I reached out to the engineers in question and asked about what made them feel like they had enough tests. I said that we often write tests up until the point we feel they're not adding much anymore, and that I was wondering what they were looking at, what made them feel like they had reached the points where they had enough tests. They just told me directly that they knew they didn't have enough tests. In fact, they knew that the code was buggy. But they felt in general that it was safer to be on-time with a broken project than late with a working one. They were afraid that being late would put them in trouble and have someone yell at them for not doing a good job.
And so that revealed a much larger pattern within the organization and its culture. When I went up to upper management, they absolutely believed that engineers were empowered and should feel safe pressing a big red button that stopped feature work if they thought their code wasn't ready. The engineers on that team felt that while this is what they were being told, in practice they'd still get in trouble.
There's no amount of test training that would fix this sort of issue. The engineers knew they didn't have enough tests and they were making that tradeoff willingly.

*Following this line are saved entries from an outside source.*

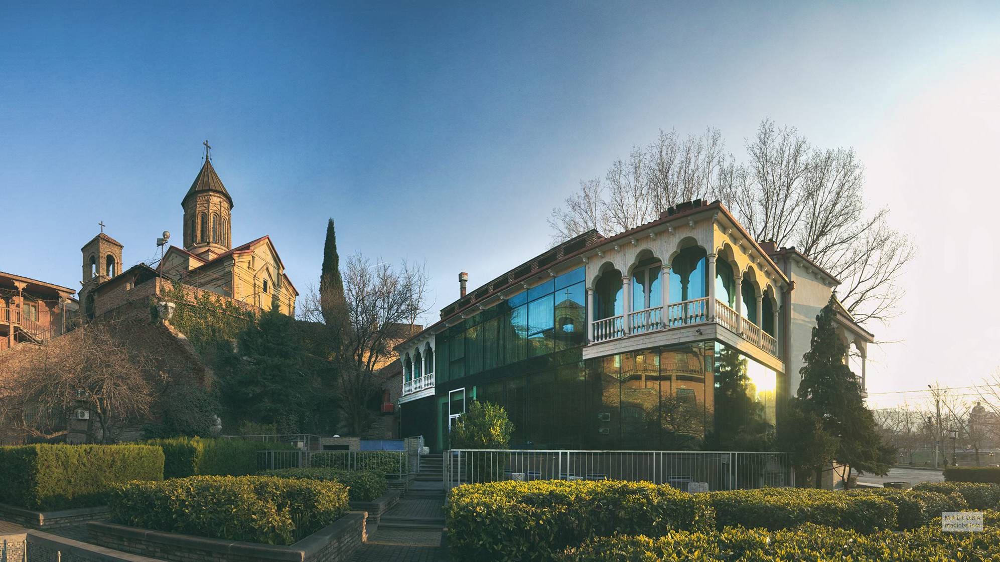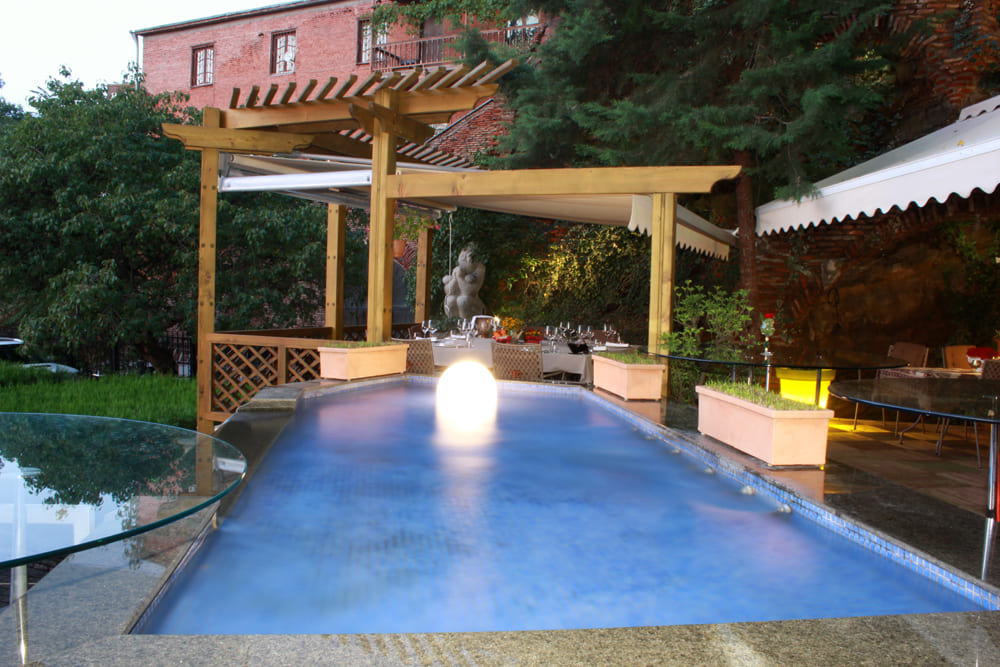 Хамам люкс: Роскошный 100 кв. м. люкс включает в себя хамам (парная сауна), антикварный французский камин, уникальную античную деревянную мебель «Птичий глаз» и мебель из орехового дерева, звуконепроницаемые окна, затемняющие шторы, полы из твердой древесины, рабочий стол, два стола, диваны, два кресла, гардеробы/шкафы и два широких балкона с красивым видом на реку Куру и сад, кровать шириной в два метра, раскладной в двухместную кровать диван, обе кровати с матрасами из чистого латекса, вручную украшенные стены. Эта комната идеально подходит для семьи или любого, кто ищет роскошь и пространство: просторная ванна, отдельный душ и туалет для гостей рядом с хамамом.
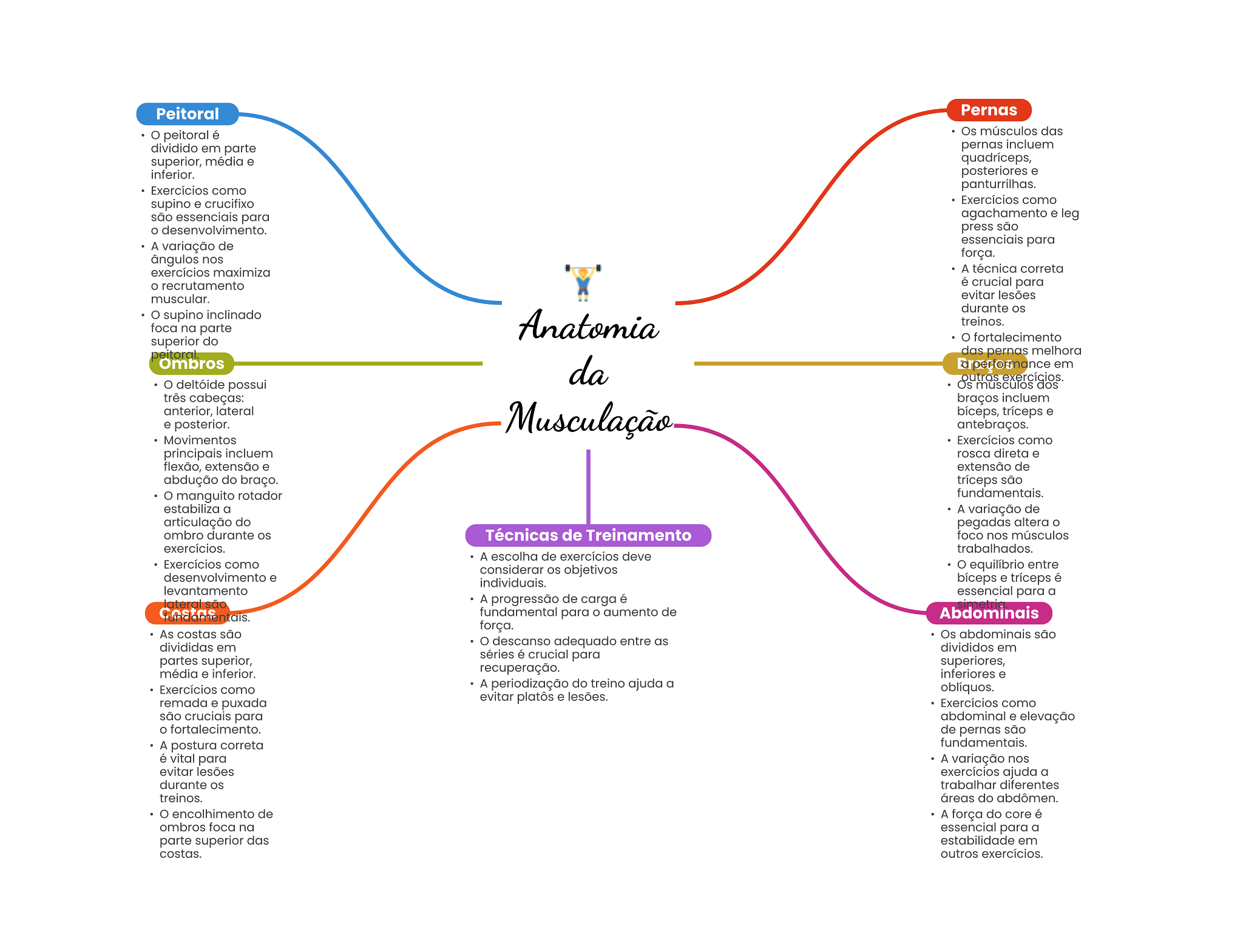 Peitoral Pernas peitoral é Os músculos das dividido em parte pernas incluem superior, média e quadríceps, inferior. posteriores e Exercícios como panturrilhas. supino e crucifixo Exercícios como são essenciais para agachamento e leg press são A variação de essenciais para força. ângulos nos exercícios maximiza A técnica correta recrutamento é crucial para muscular. evitar lesões durante supino inclinado foca na parte Anatomia treinos. superior do O fortalecimento peitoral. das pernas melhora Ombros da performance em outros exercícios. deltóide possui Os musculos dos três cabeças: braços incluem anterior, lateral e posterior. Musculação bíceps, tríceps e antebraços. Movimentos Exercícios como principais incluem rosca direta e flexão, extensão e extensão de abdução do braço. tríceps são manguito rotador fundamentais. estabiliza a A variação de articulação do pegadas altera ombro durante Técnicas de Treinamento foco nos músculos exercícios. trabalhados. A escolha de exercícios deve Exercícios como considerar objetivos equilíbrio entre desenvolvimento e individuais. bíceps e tríceps é levantamento essencial para a A progressão de carga é Costas fundamental para aumento de Abdominais força. As costas são Os abdominais são divididas em descanso adequado entre as divididos em partes superior, séries é crucial para superiores, média e inferior. recuperação. inferiores e Exercícios como A periodização do treino ajuda a oblíquos. remada e puxada evitar platôs e lesões. Exercícios como são cruciais para abdominal e elevação fortalecimento. de pernas são A postura correta fundamentais. é vital para A variação nos evitar lesões exercícios ajuda a durante trabalhar diferentes treinos. áreas do abdômen. O encolhimento de A força do core é ombros foca na essencial para a parte superior das estabilidade em costas. outros exercícios.
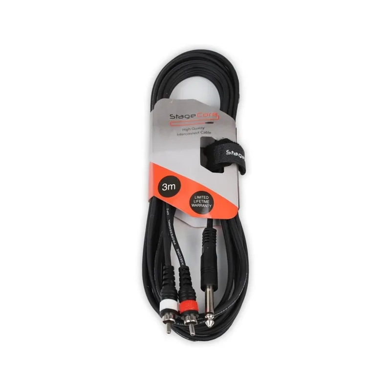 Product Description 1 x 6.3mm Mono Moulded Jack Plug - 2 x RCA Moulded Plugs, Professional Audio Signal Cable - Includes Hook & Loop Tie
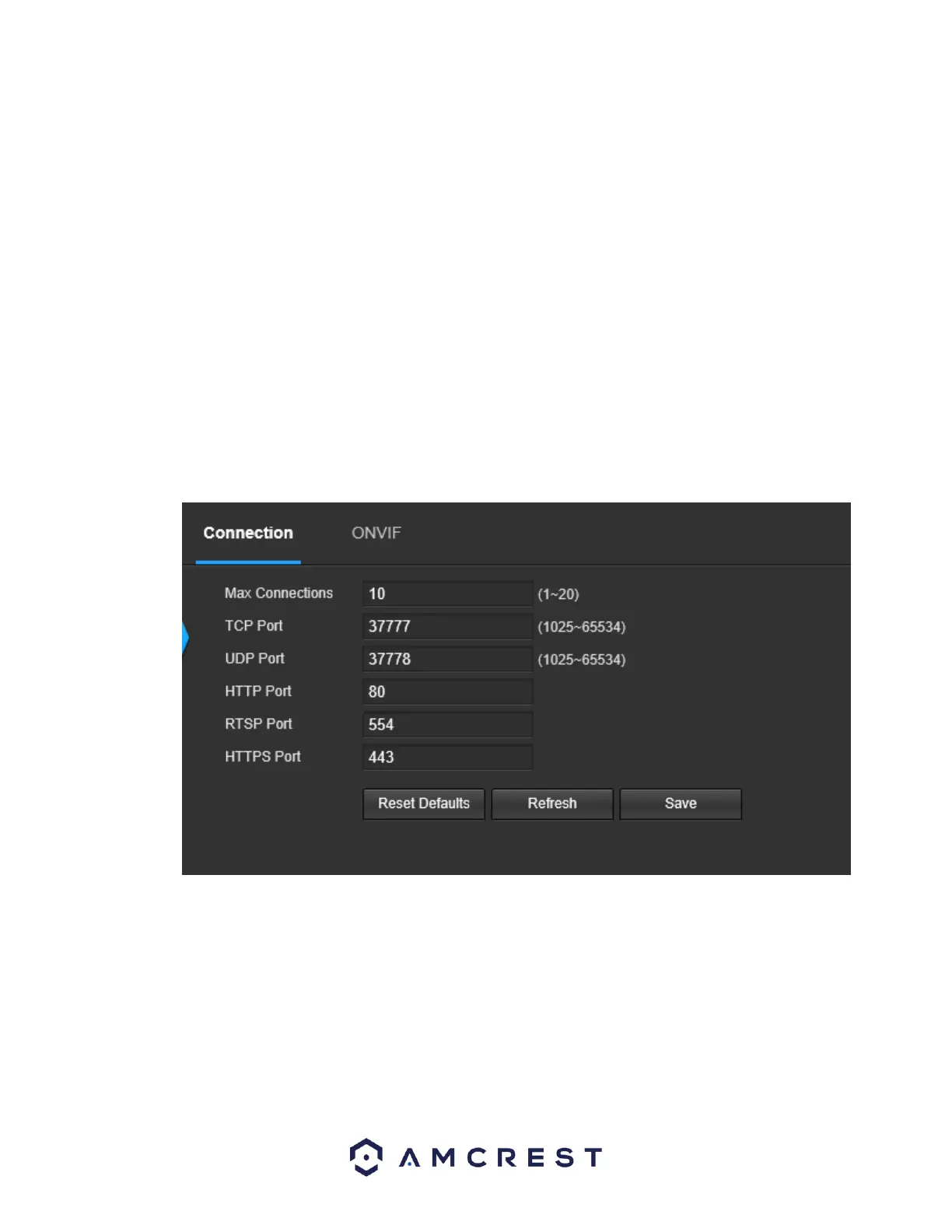 • Max Connections: This field allows the user to specify the maximum number of users that can be connected to the camera

So to conclude on this, the focus should be on understanding the mess:
- go for a deeper understanding of specific incidents where you feel something intriguing or interesting happened. Aggregates of all incidents tend to hide messy details, so if you have a bunch of reviews to do, it's probably better to be thorough on one interesting one than being shallow on many of them
- Mental models are how problem solving tends to be done; we understand and predict things based on them. Incidents are amazing opportunities to correct and compare and contrast mental models to make them more accurate or more easy to contextualize
- seek an understanding of how people do their work. There is always a gap between the work as we imagine it to be and what it actually is. The narrower that gap, the more effective our changes are going to be, so focusing on understanding all the nitty gritty details of work and their pressures is going to prove more useful than having super solid numbers
- psychological safety is always essential; the thing that lets us narrow the gap between work as done and work as imagined is going to be whether people feel safe in reporting and describing what they go through. Without psychological safety and good blame awareness, you're going to have a hard time getting good results.
Overall, the idea is that looking for understanding more than causes opens up a lot of doors and makes incidents more valuable.
* I can't legally call myself a software engineer, and technically neither can I be a site reliability engineer, because Quebec considers engineering to be a protected discipline. I however, do not really get to tell American employers what they should give as a job title to people, so I get stuck having titles I can't legally advertise but for which no real non-protected forms exist to communicate. So anywhere you see me referred to any sort of "engineer", that's not an official thing I would choose as a title. It'd be nice to know what the non-engineer-titled equivalent of SRE ought to be.